Provided material START
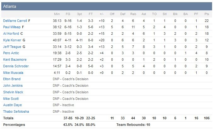 Ce dernier signe son 6e match consécutif à au moins 20 points, accompagné par les 18 points d’Al Horford et Paul Millsap (11 rebonds). Kyle Korver termine lui à 12 points (tous inscrits à 3-points) après avoir shooté à 1/7 en première mi-temps. Bradley Beal, qui jouait sur une entorse de la cheville droite, termine à 20 points (8/22, 5 rebonds et 7 passes), suivi par les 15 points de Paul Pierce et Otto Porter. Ramon Sessions, remplaçant de dernière minute à la mène, a lui fait un job admirable et termine meilleur marqueur avec 21 points à 8/14, 3 rebonds et 4 passes.
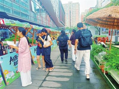 值得一提的是,自7月3日起,每周不同主题的创意市集成为社区汇聚人气的另一大亮点,为硬核的科技底色增添了斑斓的人文色彩。记者探访时,偶得工坊的雕版印刷机正拓印着城市风景明信片,传递古朴韵味;手工木雕摊位前,憨态可掬的木质机器人玩具吸引着科技青年们驻足把玩;手作摊位上的银饰手串,巧妙融入了多巴胺审美曲线,科技感与艺术感并存。还有3D打印潮玩、智能香薰蜡烛等特色摊位,无不清晰勾勒出科技与生活美学共生共荣的图景。
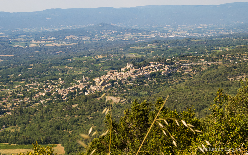 Auf dem Weg dorthin hat man an einer Stelle einen wunderschönen Ausblick auf Bonnieux.
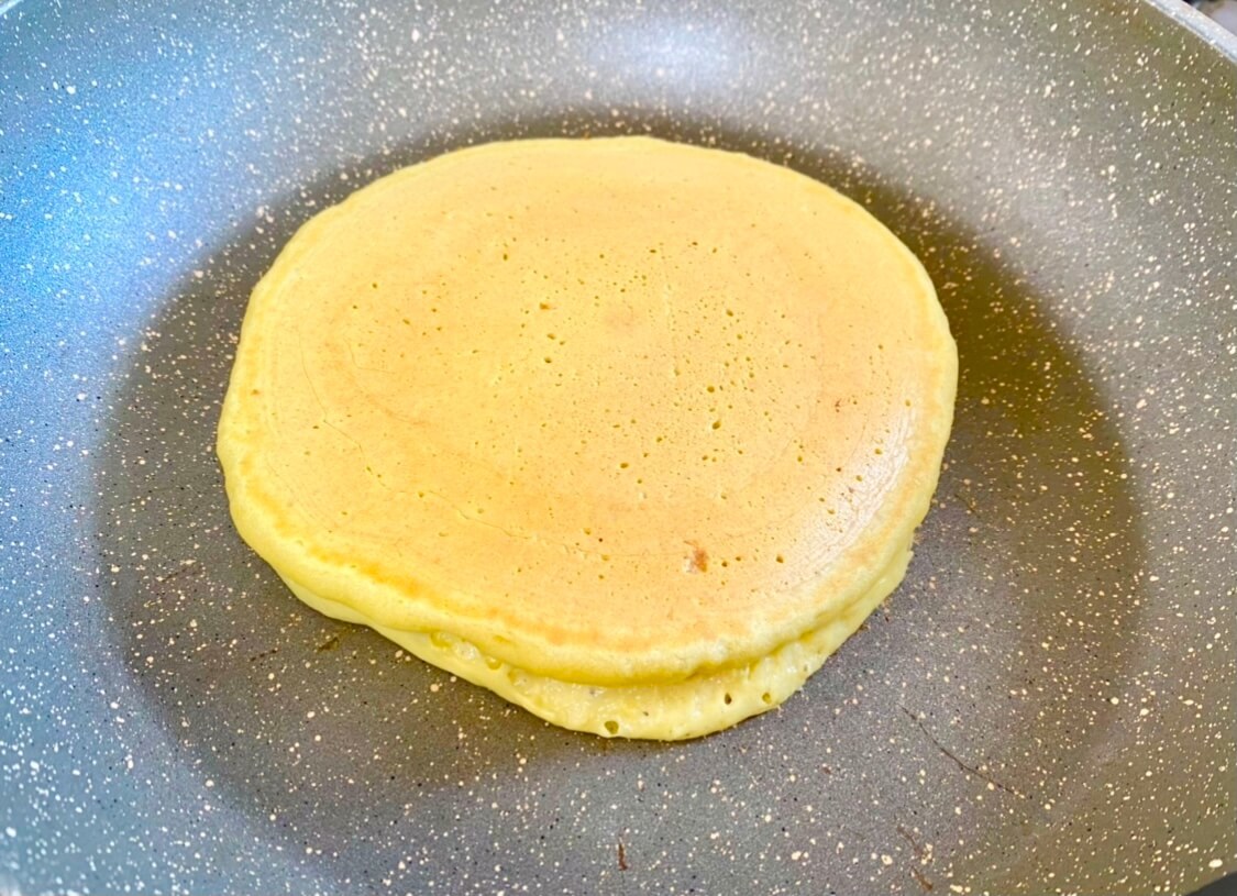 抹茶パンケーキ作り方③ひっくり返して裏面も焼いていく
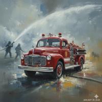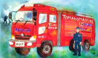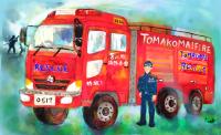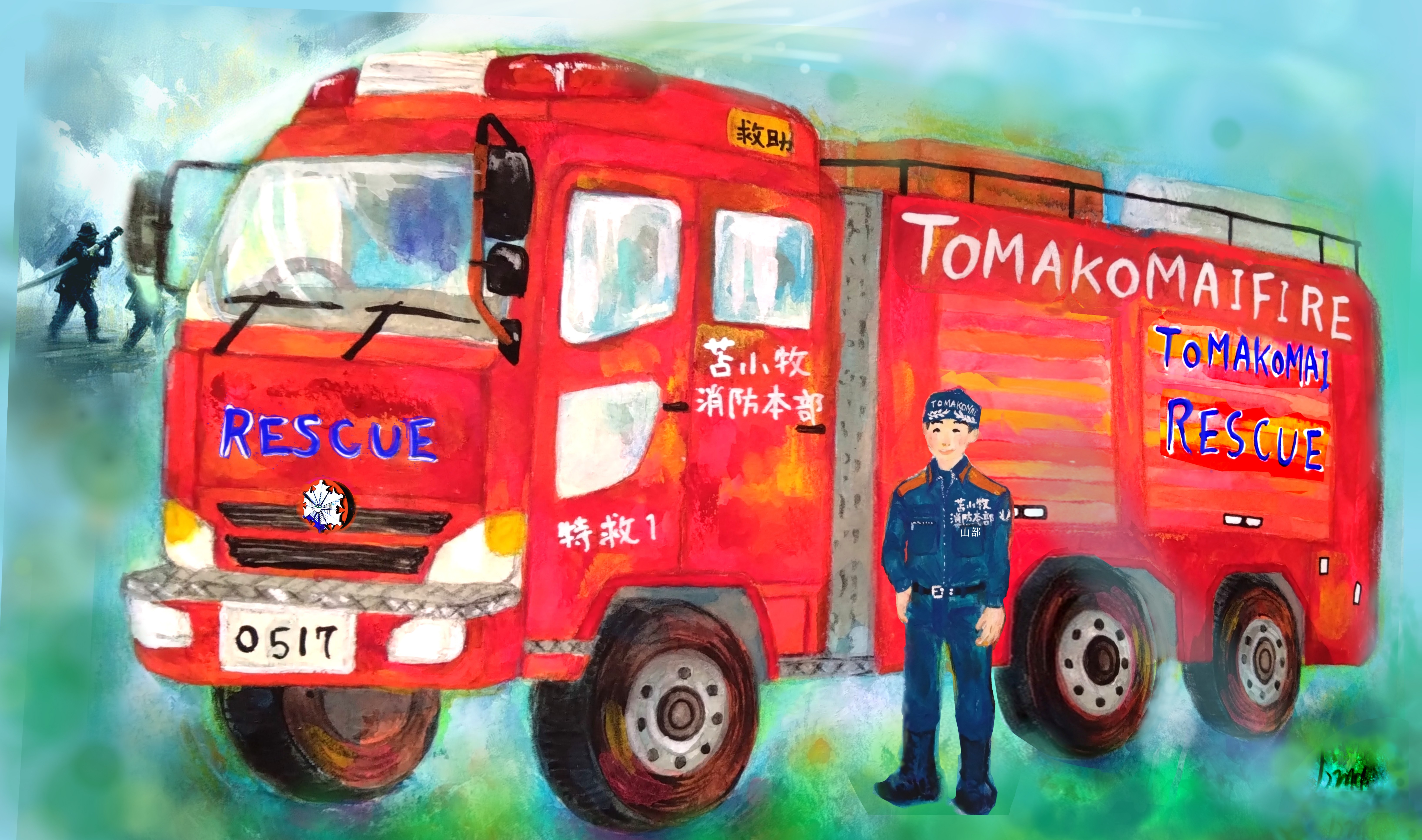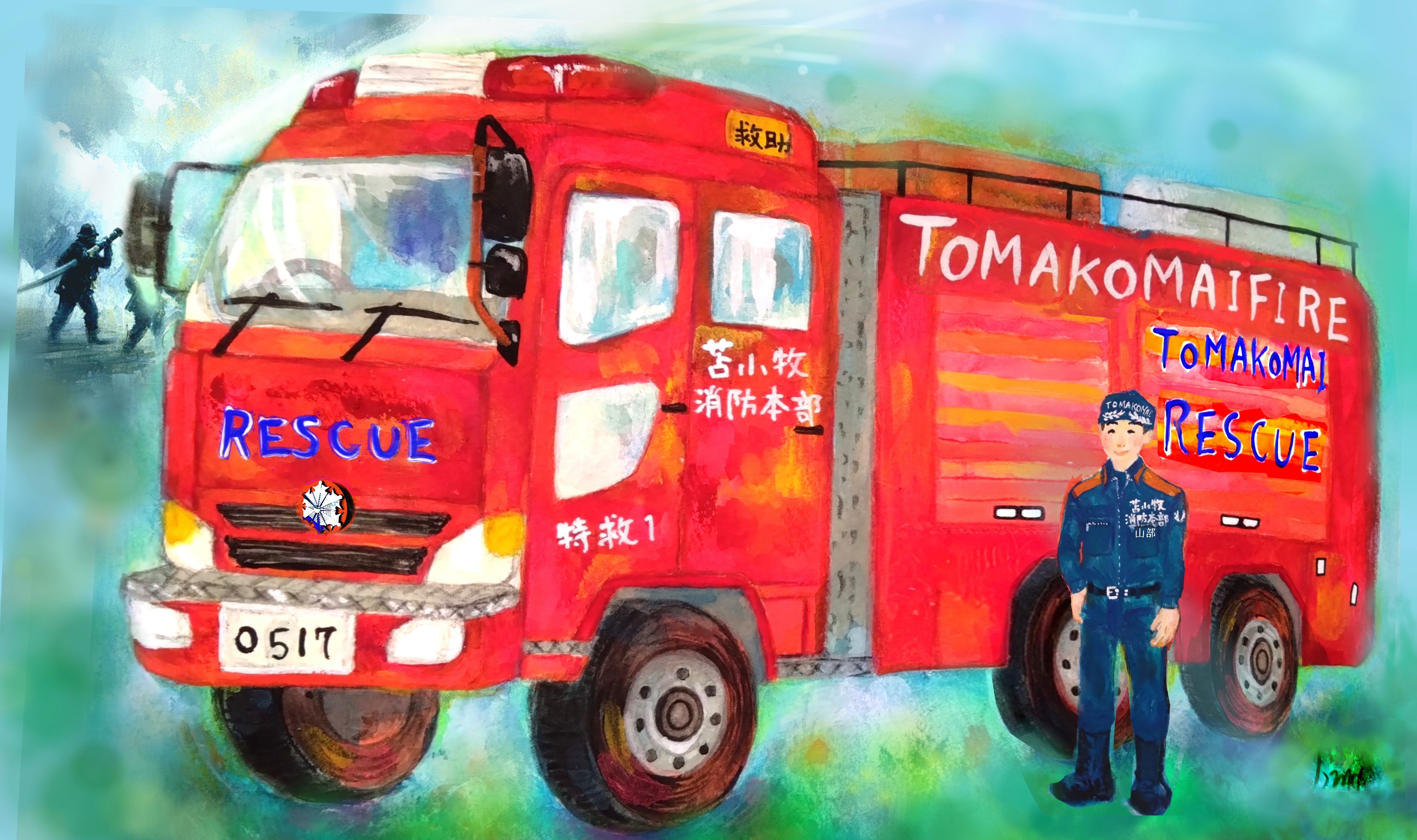 2. 添付した画像のような全体の構造で、消防車の絵をもう少し奥行きを感じられるように斜めに描いていただきたいです(消防車に描かれた文字は見える程度)。
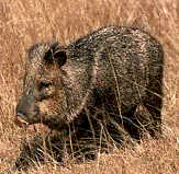 The javelina eats cacti, grass, bulbs, berries, flowers, mushrooms, and fruit, which is easy for them to get in their habitat. The javelina always travel and live in groups. The female gives birth to twins about once a year. Her young travel with the group their whole life until they die. No new members are ever accepted into the group unless they are born into it. The javelinas have a very good nose. That can have its advantages if there is a predator around. They also look for food in groups so if they're attacked they can fight back in numbers. The javelina's niche is the water holes and bushes in the canyon area where they live. They get shade under the bushes, so they won't over heat. They can't survive long without water, so it's good to have water close by if you are a javelina. Javelinas' status in the wild is very good right now. There lots of them around and they're not dying off or going extinct. by Tristan A. 2000.
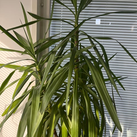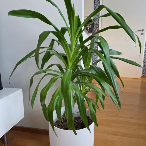 Hyvinvoiva 150cm korkea ruukun alaosasta korkeimpaan oksaan. Noin metrin leveä. Juuri vaihdettu osa mullasta uuteen ja ravittu kasviravinteella. Tekee uutta lehteä. Hieman alimmissa oksissa kärjissä ruskeaa mutta päälioksat kauniissa kunnossa. Hieman kieroon kasvanut ylhäältä mutta oikenee kun muistaa kääntää kasvia välillä.
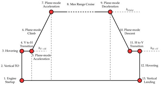 The nominal flight profile under investigation (numbering corresponds with Figure 3) commences with an engine startup lasting (1), with thrust being set to 60% of the aircraft’s total weight. This is followed by a vertical take off spanning two altitudes (2), resulting in a total ascent denoted as . Subsequently, a fixed-point hover of duration (3) simulates in-flight setup prior to transition. The axial to plane-mode flight transition (4) is executed through the tilt-rotor capabilities of the aircraft, concluding when the total speed reaches the minimum operative horizontal speed . The vehicle then accelerates at a constant altitude to the climb speed (5), followed by a fixed-speed climb (6) with a prescribed altitude increment of . This phase is succeeded by second acceleration to cruise speed (7) and a straight and level cruise flight at that constant speed (8), optimized to maximize range for a given battery charge . A plane-mode deceleration (9) precedes the descent, reducing the speed to . The aircraft then descends to a lower flight level specified by (10). A transition from plane mode to axial flight (11) is followed by a hover segment lasting (12). Finally, the vehicle descends vertically using the tilt-rotor capabilities (13), covering a vertical distance determined by .
Provided material END
> _What to do_
Please give back all the records above word for word, with no pictures included.

> _Solution to this problem_
 Ce dernier signe son 6e match consécutif à au moins 20 points, accompagné par les 18 points d’Al Horford et Paul Millsap (11 rebonds). Kyle Korver termine lui à 12 points (tous inscrits à 3-points) après avoir shooté à 1/7 en première mi-temps. Bradley Beal, qui jouait sur une entorse de la cheville droite, termine à 20 points (8/22, 5 rebonds et 7 passes), suivi par les 15 points de Paul Pierce et Otto Porter. Ramon Sessions, remplaçant de dernière minute à la mène, a lui fait un job admirable et termine meilleur marqueur avec 21 points à 8/14, 3 rebonds et 4 passes.
 值得一提的是,自7月3日起,每周不同主题的创意市集成为社区汇聚人气的另一大亮点,为硬核的科技底色增添了斑斓的人文色彩。记者探访时,偶得工坊的雕版印刷机正拓印着城市风景明信片,传递古朴韵味;手工木雕摊位前,憨态可掬的木质机器人玩具吸引着科技青年们驻足把玩;手作摊位上的银饰手串,巧妙融入了多巴胺审美曲线,科技感与艺术感并存。还有3D打印潮玩、智能香薰蜡烛等特色摊位,无不清晰勾勒出科技与生活美学共生共荣的图景。
 Auf dem Weg dorthin hat man an einer Stelle einen wunderschönen Ausblick auf Bonnieux.
 抹茶パンケーキ作り方③ひっくり返して裏面も焼いていく
 2. 添付した画像のような全体の構造で、消防車の絵をもう少し奥行きを感じられるように斜めに描いていただきたいです(消防車に描かれた文字は見える程度)。
 The javelina eats cacti, grass, bulbs, berries, flowers, mushrooms, and fruit, which is easy for them to get in their habitat. The javelina always travel and live in groups. The female gives birth to twins about once a year. Her young travel with the group their whole life until they die. No new members are ever accepted into the group unless they are born into it. The javelinas have a very good nose. That can have its advantages if there is a predator around. They also look for food in groups so if they're attacked they can fight back in numbers. The javelina's niche is the water holes and bushes in the canyon area where they live. They get shade under the bushes, so they won't over heat. They can't survive long without water, so it's good to have water close by if you are a javelina. Javelinas' status in the wild is very good right now. There lots of them around and they're not dying off or going extinct. by Tristan A. 2000.
 Hyvinvoiva 150cm korkea ruukun alaosasta korkeimpaan oksaan. Noin metrin leveä. Juuri vaihdettu osa mullasta uuteen ja ravittu kasviravinteella. Tekee uutta lehteä. Hieman alimmissa oksissa kärjissä ruskeaa mutta päälioksat kauniissa kunnossa. Hieman kieroon kasvanut ylhäältä mutta oikenee kun muistaa kääntää kasvia välillä.
 The nominal flight profile under investigation (numbering corresponds with Figure 3) commences with an engine startup lasting (1), with thrust being set to 60% of the aircraft’s total weight. This is followed by a vertical take off spanning two altitudes (2), resulting in a total ascent denoted as . Subsequently, a fixed-point hover of duration (3) simulates in-flight setup prior to transition. The axial to plane-mode flight transition (4) is executed through the tilt-rotor capabilities of the aircraft, concluding when the total speed reaches the minimum operative horizontal speed . The vehicle then accelerates at a constant altitude to the climb speed (5), followed by a fixed-speed climb (6) with a prescribed altitude increment of . This phase is succeeded by second acceleration to cruise speed (7) and a straight and level cruise flight at that constant speed (8), optimized to maximize range for a given battery charge . A plane-mode deceleration (9) precedes the descent, reducing the speed to . The aircraft then descends to a lower flight level specified by (10). A transition from plane mode to axial flight (11) is followed by a hover segment lasting (12). Finally, the vehicle descends vertically using the tilt-rotor capabilities (13), covering a vertical distance determined by .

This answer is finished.